TOO LONG, DID NOT READ

1000+ LOC changeset is a lot, even more for a simple bugfic.

I see a lot of duplicated try catch.

This is IMO symptomatic. I would have expected either a generic behaviour of the HTTP library, or an abstraction lying in tmail-flutter or even better in jmap-dart to help us significantly reduce the boiler plate code.

[dab246]

TOO LONG, DID NOT READ

1000+ LOC changeset is a lot, even more for a simple bugfic.

I see a lot of duplicated try catch.

This is IMO symptomatic. I would have expected either a generic behaviour of the HTTP library, or an abstraction lying in tmail-flutter or even better in jmap-dart to help us significantly reduce the boiler plate code.

IMO, this is not a simple bugfix.
Let me explain why there are so many duplicated try-catch blocks.

• I have separated the commits clearly for each specific bugfix.

• The reason for the 1000+ changed lines is due to the last commit, which addresses the following runtime error related to the Future.catchError method:

Invalid argument(s) (onError): The error handler of Future.catchError must return a value of the future's type

To fix this issue properly, we needed to update all related data sources. Since we are following Clean Architecture, with clear separation and abstraction across layers, multiple features depend on different data sources. Therefore, we have to apply try/catch in multiple places. However, the exception handling logic itself is centralized in a single common class, ensuring consistency across the app.

• Moreover, regarding issue [Customer] Mobile User was logged out AGAIN when being in the train #4081, we have implemented two proper solutions according to the requirements described in the issue:

  • Display user-friendly error messages with the format: Message [ErrorCode1 - ErrorCode2]
  • Automatically re-login the user when receiving a 401 Unauthorized error

[dab246]

Auto re-login with user email on 401 error for mobile

It could be great to display somehow an explanation of what happens to the user.

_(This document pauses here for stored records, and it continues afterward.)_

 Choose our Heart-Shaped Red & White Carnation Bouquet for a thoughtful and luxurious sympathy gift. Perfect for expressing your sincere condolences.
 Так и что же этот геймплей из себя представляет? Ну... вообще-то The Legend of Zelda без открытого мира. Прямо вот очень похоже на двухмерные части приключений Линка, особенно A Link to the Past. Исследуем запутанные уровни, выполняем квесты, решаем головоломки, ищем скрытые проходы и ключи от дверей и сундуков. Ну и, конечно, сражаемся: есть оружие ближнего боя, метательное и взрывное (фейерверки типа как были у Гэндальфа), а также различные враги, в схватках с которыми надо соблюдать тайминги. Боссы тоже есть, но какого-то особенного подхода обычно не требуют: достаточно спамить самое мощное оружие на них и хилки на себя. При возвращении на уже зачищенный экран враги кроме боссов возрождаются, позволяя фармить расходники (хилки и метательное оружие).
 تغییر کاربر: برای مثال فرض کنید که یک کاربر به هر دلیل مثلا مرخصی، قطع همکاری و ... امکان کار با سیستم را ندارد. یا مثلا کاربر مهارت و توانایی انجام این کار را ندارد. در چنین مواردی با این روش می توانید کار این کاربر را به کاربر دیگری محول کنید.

I think it could reduce the friction

If you have any suggestions, please share them with us.
It would be even better if you could provide a mockup or a video.

[hoangdat]

• please rebase it with master branch @dab246

[dab246]

• please rebase it with master branch @dab246

Done

[Crash--]

This is not really true, right?

Let's say:

• I make a request
• This request throw a server error (and not a network error because at this time I'm connected)
• During the throw, we check if I've an internet connection but I was on a train, and suddenly I lost my internet connection.
• At the end, we'll throw a "NoNetworkError" instead of a "ServerError"

From dio don't we have a message saying "connection timeout" / "connexion reset" or something like that in order to get the information from the error itself instead of making a guess?

[dab246]

Add your description then it is finally lost internet connection, users should also be aware that they are lost connection. On the other hand we have the fallback of trying to retry some requests a number of times if they fail as in your case. For mobile we also support offline mode.

[Crash--]

users should also be aware that they are lost connection

100% agreed with that. And I imagine you have a watcher somewhere to check the connexion status.

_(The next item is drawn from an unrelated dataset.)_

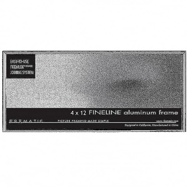 Main view Reverse (sample) Framelok System Product Details Framatic FINELINE Silver Aluminum 4x12 by Framatic® — Use the Framatics® FINELINE series for flattering, minimal, contemporary presentation of your art or prints. Thin aluminum frame is an elegant way to display photos and artwork Silver finish Patented 'FRAMLOK' assembly system allows you to easily insert photo or artwork Polished edge glass Detachable easel back for tabletop display Includes an adjustable hanger for either vertical or horizontal wall display Crafted by FRAMATIC®. FINELINE Silver Aluminum 4x12 by Framatic® Model #716242006570 List $24.50 You pay $14.95 In stock Ships next business day [?] Your Price Match is Active Your request for a price of $0.00 for a minimum quantity of has been accepted. You have [time] left to purchase this item for $0.00 instead of $14.95 each. Find a Lower Price? We BEAT All Authorized Retailers [?] FEATURESDisplays:4"x12"Material:AluminumFinish:SilverOccasion:Business & office, Home decoratingStyle:Architectural, Contemporary, MinimalOrientation:BothBrand:FramaticDisplay Type:Wall Only This item ships in its own box SHARE THIS ITEM Share on Facebook
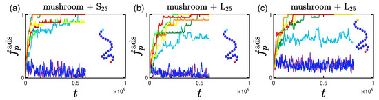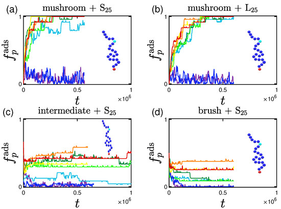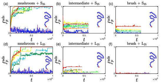 Qualitatively similar results were reported in the work of Yoshikawa et al. [101] for adsorption of Bovine Serum Albumin (BSA) proteins on poly(2-hydroxyethyl methacrylate) (PHEMA) brushes. Their adsorption curves are showcasing the effect of the grafting densities that we have in Figure 6. The average time for their experimental system to reach the final adsorption percentage is of the order of minutes. A BSA protein (which is slightly ellipsoidal [101]) is approximately of radius equal to nm and has a molecular weight of kDa [101]. Using these values, the LJ unit length is of the order of 1 nm, and the LJ unit mass is roughly 1 kDa. Because our adsorption times are in the range of LJ units, the LJ unit time can be estimated as s, which however gives rise to an unreasonably small LJ unit energy, small compared with . A direct one-to-one mapping of our model to protein adsorption is therefore not possible, while the molecular weight of the proteins and polymers used have a proportion that is again close to the experimental conditions [101].

What I find problematic here is the fact that we might end up returning the wrong reason for the error. Can’t we tell that it’s a connection issue directly from the initial error, without making this connectivity check?

And maybe, since this is the only error the user gets, we’ll display “We’re having issues with your internet connection, please try again later”, when in fact, it’s a real server error, so we’d be showing something incorrect to the user.

It’s actually because of this call that you have to change all the catch blocks to async, right?

[Crash--]

I don't understand the flow for iOS:

We set a shouldRefresh boolean to true, and then we call this _refreshToken method. So we know we need to refresh the token because we had an issue with the previous token.

But then, for iOS, we look if we have something within the keychain, and if we've something within the keychain, and this something is not expired then, we return the same token. I don't know if the check we do for setting shouldRefresh to true, is the same than we do in _isTokenExpired but it can be source of bug.

Why not just force the refresh even for iOS in this case since we already know we need to refresh?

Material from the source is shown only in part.